In the middle of the pandemic, last summer, I found myself in quite a funk. I was at a place where I felt insecure in my abilities to work without the help of others and was questioning if I could even still write by myself. I guess I had lost my artistic voice and vision a little bit. That was super scary to me and I knew I wanted to find that part of me again, so last year I booked myself a solo writing retreat in the mountains in Idyllwild, California - a little mountainous town in the woods, and spent three weeks writing by myself. What came out of that was the most truthful art I’ve ever made. I think I needed to prove to myself that I am capable of creating on my own. Now that it’s all done, I couldn’t be more proud and grateful, and I can’t wait to share it with you all! I can’t even describe to you how transformative that time was for me. Spending time with my own thoughts away from the daunting music industry has had a way of sometimes inhibiting me from really being myself as an artist and creating my best work. And that’s what my EP is all about - it’s about self-exploration, about growing into your true self and allowing yourself to really experience the magic along the way.
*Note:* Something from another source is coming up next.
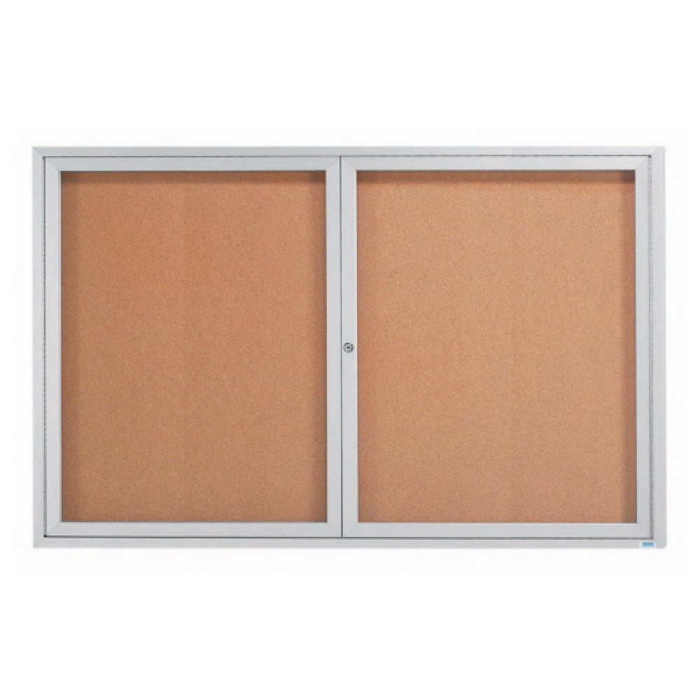 The Aarco DCC4872RI Aluminum Bulletin Board is a high-quality enclosed unit designed to meet diverse communication needs across various industries. Measuring 72 inches in width and 48 inches in height, this bulletin board provides ample space for displaying important information. It features two doors, allowing for easy access and secure closure, making it ideal for environments where information needs to be protected. The board is illuminated, ensuring that displayed content is visible and readable even in low-light conditions. Its natural pebble grain cork back panel provides a durable and receptive surface for posting notices, memos, or announcements. The bulletin board is finished with a clear satin anodized coating, which not only enhances its aesthetic appeal but also protects the aluminum frame from corrosion and wear. This product is versatile, suitable for use in educational institutions, corporate settings, and public spaces where reliable and visible communication is essential. The Aarco DCC4872RI's robust construction and thoughtful design make it a valuable asset for anyone looking to enhance their communication efforts while maintaining a professional appearance.

Each song on idyllwild will come with its own visuals. How did this idea come about and what role do visuals play in your artistry?
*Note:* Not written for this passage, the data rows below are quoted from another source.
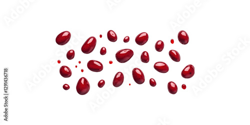Red jelly beans scattered isolated on transparent background
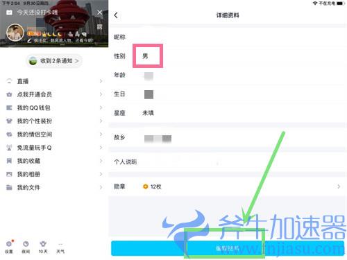 2、【详细资料】-【性别】,QQ性别修改之后,游戏内的性别也随之更换;
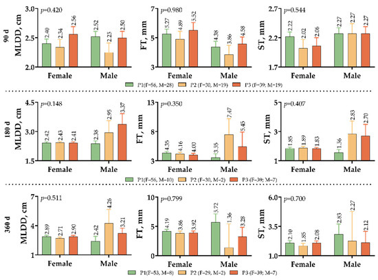 In real-time ultrasound measurements, none of the three parameters (MLDD, FT, and ST) differed significantly between female and male lambs on the basis of GHE5 variants (p > 0.05; Figure 3). Taking into account the number of P2 variants at the sixth month and yearling, it is obvious that the MLDD of P3 variant male lambs is higher than that of other variants.
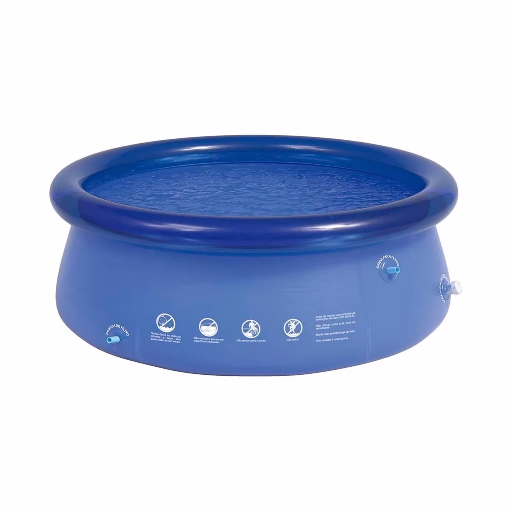 Para sua montagem, basta estender a lona no chão, inflar a borda e encher de água até a altura indicada no manual. É isto mesmo! A sua única estrutura é a água, evitando quinas e peças rígidas que podem ferir os pequenos.

Since I was a teenager fantasizing of being a famous artist, it has always been my wildest dream (no pun intended) to put out an album or project that, like my favorite works of art by other musicians, has a theme and common thread through the whole thing, something like a concept album. Totally subconsciously, when I was creating the songs that now makeup idyllwild, I kind of did that on a musical level. From “wildest dreams” to my next single “got to get you” (out 6/4!), to “mccartney” to “alive”, all of these songs are very introspective and tell an honest story from start to finish. When the time came to make visuals for the EP, I wanted to find a tone for the music videos and cover artwork that was equally as honest and magical as the songs were to me, and as my time in Idyllwild was. It’s my third time here in Idyllwild, and every time I’m overcome with so much joy and filled with peace. THAT’s what I wanted the videos and the cover art to feel like. I ended up with a DIY video-diary type visual, that actually incorporates footage that I took last year when I was in Idyllwild for the first time. I hope it’ll connect with people and translate that feeling of freedom and peace that I’ve felt every time I’ve been in Idyllwild!
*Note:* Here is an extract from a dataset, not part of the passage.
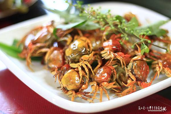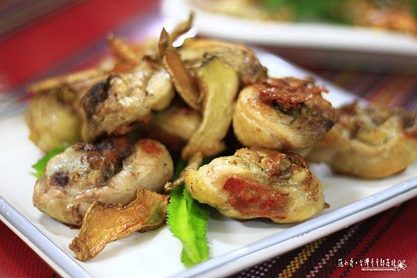 ・山產:酥炸溪蝦、溪魚、螃蟹:魚、蝦、螃蟹都是部落附近水域的水產,酥炸過後在灑上胡椒就是伊道具有地方特色的料理,非常酥脆!
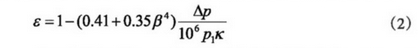 當(dāng)所測天然氣流經(jīng)孔板時,由于流速和壓力的改變而伴隨著密度的改變(氣體壓力從p1降為p2,因膨脹而使密度減小),為適應(yīng)此種變化以修正因假設(shè)密度等于常量而對流量引起的偏差,因此必須加入一個系數(shù),這個系數(shù)被稱為可膨脹系數(shù)e。

What would you say you’re trying to achieve with this upcoming EP?


Of course! I hope that this EP will connect with my listeners. It’s the most personal work I’ve ever done, and I can’t help but feel vulnerable putting it out there in the world. But at the same time I know I’ve created something special that really tells my story unapologetically, and no matter the outcome, I’m proud of that. More importantly than how “commercially successful” this project is going to be, I know that especially in the times we live in right now, there are people out there who need to hear this. I hope it will translate the message that at the end of the day, we’re all the same, we’re all trying to find our way and make sense of this crazy thing that is life. I hope it will make people feel more understood, less alone, and encourage them to believe in themselves. To help them see that we all deserve to dream, and to dream BIG. There are a lot of challenges we face as a global society at the moment, and things will not get easier in the next decades. I think for our own sanity, it’s important that we prioritize self-care, and find love for ourselves, while also cultivating love and compassion for others and for this planet as a whole. If my music can bring people together in that way, that would, truly, be my wildest dream.